### INFORMATION PROVIDED
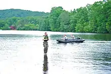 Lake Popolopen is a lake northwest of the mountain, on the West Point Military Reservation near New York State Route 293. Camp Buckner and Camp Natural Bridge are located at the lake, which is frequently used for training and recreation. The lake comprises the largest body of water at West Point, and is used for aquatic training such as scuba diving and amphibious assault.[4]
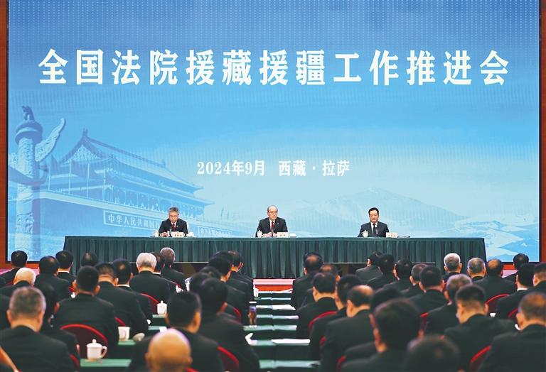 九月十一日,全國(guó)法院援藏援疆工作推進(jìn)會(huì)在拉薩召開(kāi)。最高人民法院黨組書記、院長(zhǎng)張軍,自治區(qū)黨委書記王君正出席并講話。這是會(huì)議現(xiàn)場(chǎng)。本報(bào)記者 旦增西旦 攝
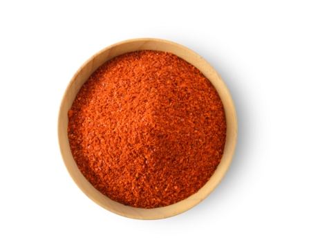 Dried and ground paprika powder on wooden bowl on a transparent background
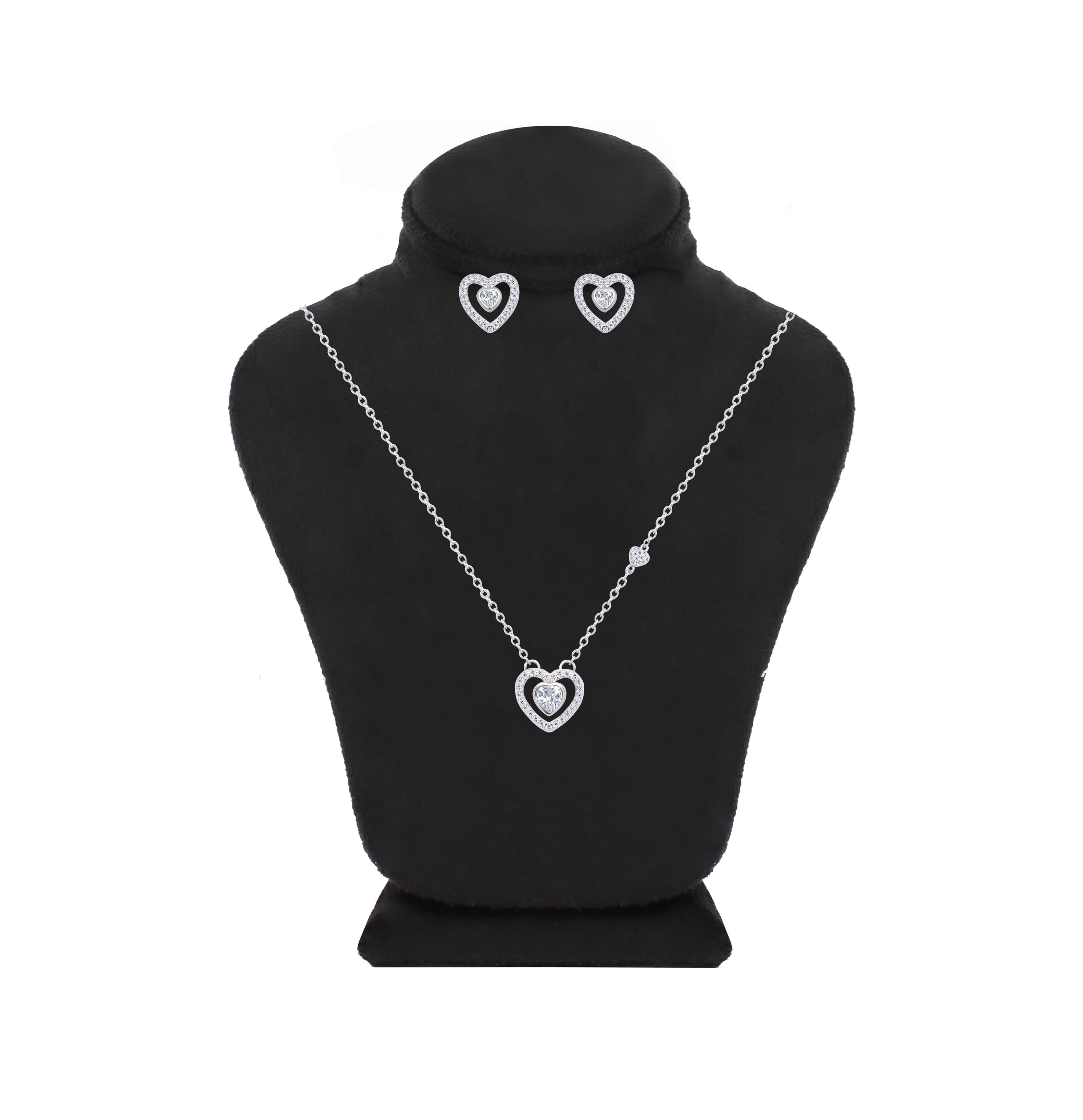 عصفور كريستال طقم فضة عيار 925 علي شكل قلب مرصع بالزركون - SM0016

### REQUIREMENT
In your reply, every line of the material should appear exactly as written, and no picture should.

### PROBLEM SOLUTION
 Lake Popolopen is a lake northwest of the mountain, on the West Point Military Reservation near New York State Route 293. Camp Buckner and Camp Natural Bridge are located at the lake, which is frequently used for training and recreation. The lake comprises the largest body of water at West Point, and is used for aquatic training such as scuba diving and amphibious assault.[4]
 九月十一日,全國(guó)法院援藏援疆工作推進(jìn)會(huì)在拉薩召開(kāi)。最高人民法院黨組書記、院長(zhǎng)張軍,自治區(qū)黨委書記王君正出席并講話。這是會(huì)議現(xiàn)場(chǎng)。本報(bào)記者 旦增西旦 攝
 Dried and ground paprika powder on wooden bowl on a transparent background
 عصفور كريستال طقم فضة عيار 925 علي شكل قلب مرصع بالزركون - SM0016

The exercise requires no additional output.